New tools for the analysis of CRISPR-Cas9 screens
Supervised classification methods can be used for the analysis of genetic screens obtained through the CRISPR-Cas9 genome editing technology. Nevertheless, these methods require large sets of reference genes to be included among those targeted with CRISPR. Alessandro Vinceti, of the Iorio Group, presents a novel computational method to identify reference gene sets of minimal size allowing supervised analyses of scale-limited CRISPR-Cas9 knock-out screens, while having a reduced impact on the screen size.
CRISPR-Cas9 knock-out (KO) screens are invaluable tools for identifying genes involved in diverse biological pathways in various model systems. Genome-wide or large-scale screens have successfully been used to look for genes involved in drug resistance and sensitivity, as well as for genes essential for (cancer) cell survival. In a typical genome-wide CRISPR-Cas9 KO screen, the model system of interest is engineered to express a CRISPR-associated (Cas) nuclease and it is treated with a library of CRISPR single guide RNAs (sgRNAs) targeting all genes, to abolish their expressions in individual cells. Focused or scale-limited CRISPR-Cas9 KO screens target instead smaller sets of genes, require a lower number of targeting sgRNAs compared to genome-wide-screens, and can be much more easily executed on complex systems such as organoids and in vivo models.
Several supervised analytical methods have been proposed and are used to analyse the results of CRISPR-Cas9 screens to different aims, ranging from data quality control to data scaling for inter-screen comparability and identification of fitness genes (i.e., genes essential for survival). Supervised classification methods are informatics tools that need examples of already classified objects from which they learn to classify new ones. When applied to CRISPR-Cas9 screens, these methods rely on the existence of reference genes that are known to be always or never essential for cell survival. These genes need to be included among those targeted by the screening library and are used as ‘examples’ to predict the function of (thus classify) all other genes.
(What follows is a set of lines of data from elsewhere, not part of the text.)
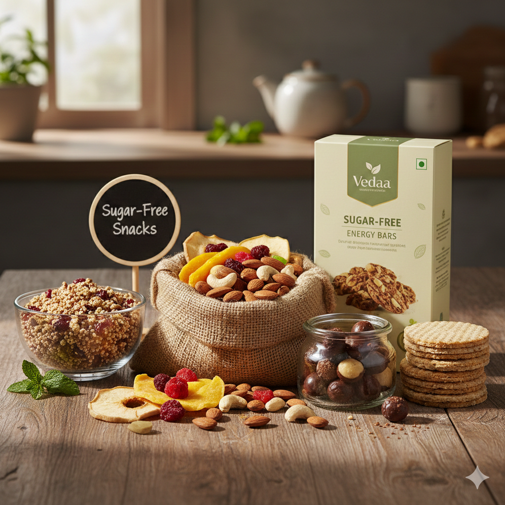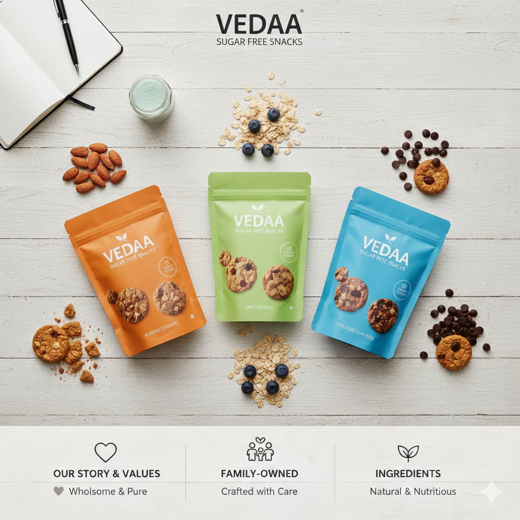 At Vedaa Snacks, we are committed to providing sugar free foods that are made from high-quality, natural ingredients. Every snack reflects our mission to help you live a healthier, sugar-conscious lifestyle without sacrificing flavor.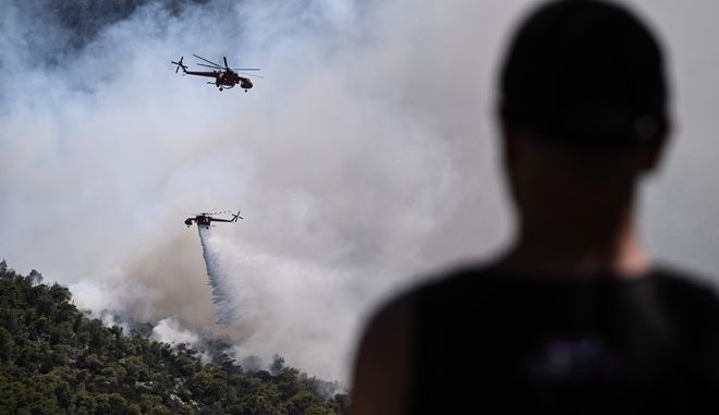 Ωστόσο, σύμφωνα με τον κ. Σκορδίλη, «η εικόνα έχει καλυτερεύσει, καθώς επιχειρούσαν τρία ελικόπτερα πραγματοποιώντας συνεχείς ρίψεις νερ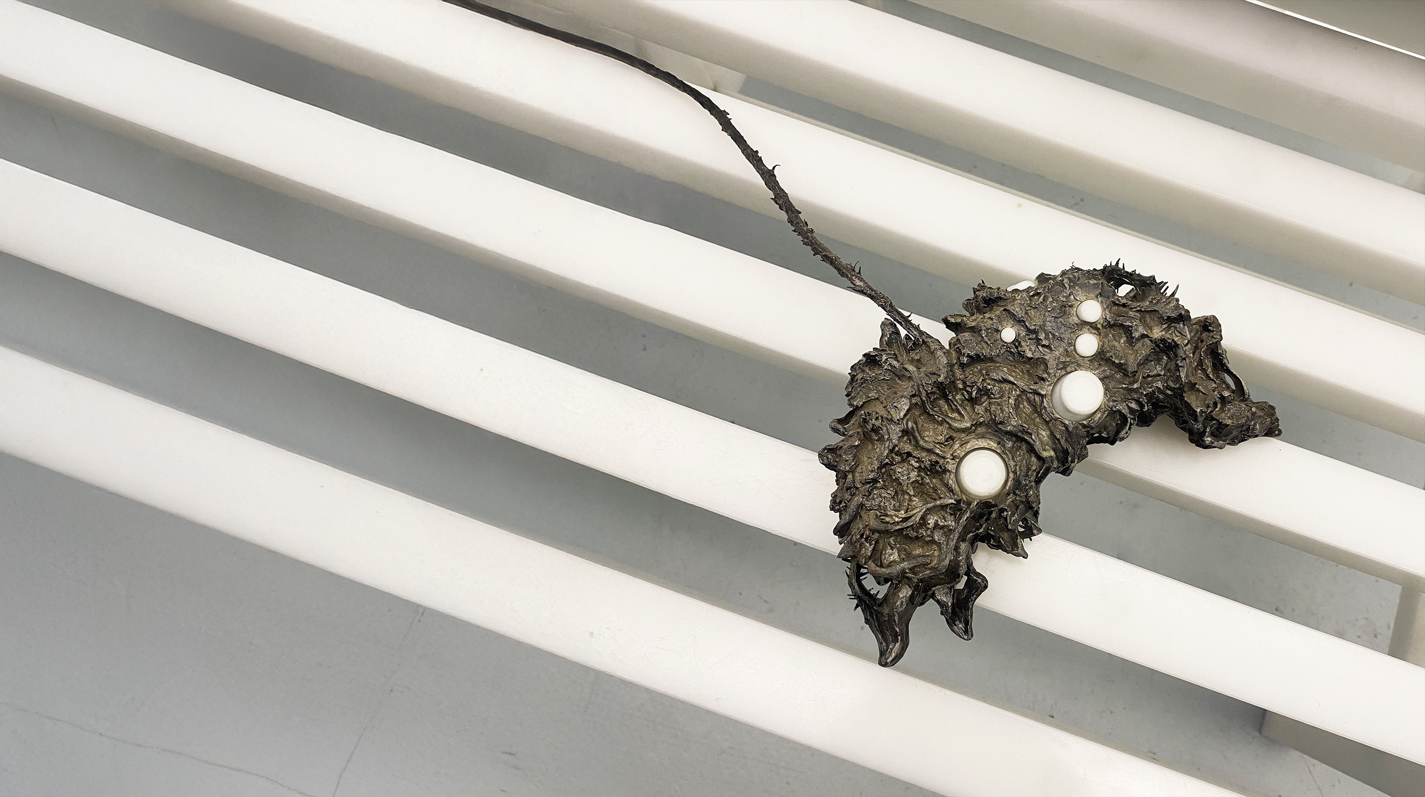 A game created by Distraction Collective, combining video game design, 3D-printed resin, computer-based systems, video projection and sound, in a variable-dimension installation.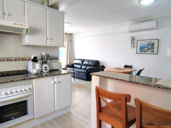 El apartamento dispone de 2 dormitorios, 1 baño, salón, cocina. Totalmente equipado con todo lo necesario para su estancia .Cocina equipada con horno, microondas y lavadora, una terraza amueblada.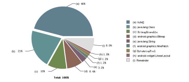 基于双11前的手淘Android版本,我们在魅蓝note1(4.4 OS)上滑动完首页后,dump出其Dalvik Heap,整体内存占用的分布情况如下图。可以看出,byte数组(a)占用空间最大,绝大多数是用来存放Bitmap的像素数据(Pixel Data)。另外(c)与(d)一起占用了18.4%, byte数组加上Bitmap、BitmapDrawable总共占用了64.4%,成为内存占用的主体。

The smallest reference gene dataset currently available consists of approximately 1,600 genes. This makes it difficult to use supervised methods for the analysis of scale-limited CRISPR-Cas9 KO datasets wherein the number of reference genes would be comparable to or even larger than that of the genes under investigation.
Alessandro Vinceti – SEMM PhD student of the research group led by Francesco Iorio at the HT Computational Biology Research Centre – has developed Minimal Template Estimator (MinTEs), a computational framework that generates small-size reference gene datasets for supervised analysis of scale-limited CRISPR-Cas9 screens, to overcome this limitation. This work is now published in Cell Reports.
MinTEs is trained on publicly available genome-wide CRISP-Cas9 datasets derived from screens carried out on hundreds of immortalised human cancer cell lines within the Cancer Dependency Map (DepMap) repository, using known genome-wide sgRNA libraries. This has allowed shrinking reference gene pools to hundreds or few tens of genes, which were called reduced templates or RTs and can be used for the analysis of scale-limited CRISPR-Cas9 screens.
“Our methodology has the potential to reduce costs and save time for scale-limited screens and to simplify organoid and other complex screens, opening up opportunities for investigating gene essentiality in a variety of pathologically relevant contexts”, says Alessandro Vinceti, first author of the study.
In summary, Vinceti, Iorio, and colleagues present a novel computational framework to design library-dependent and independent RTs for the supervised analysis of small-scale CRISPR-Cas9 screens in cancer cells or organoids. While MinTEs RTs have not yet been tested on more complex datasets such as those from patient-derived xenografts or in vivo screens, these findings show that it is possible to reduce the size of the reference gene datasets while retaining a high-performant analysis of CRISPR-Cas9 screens performed in both simple and complex model systems.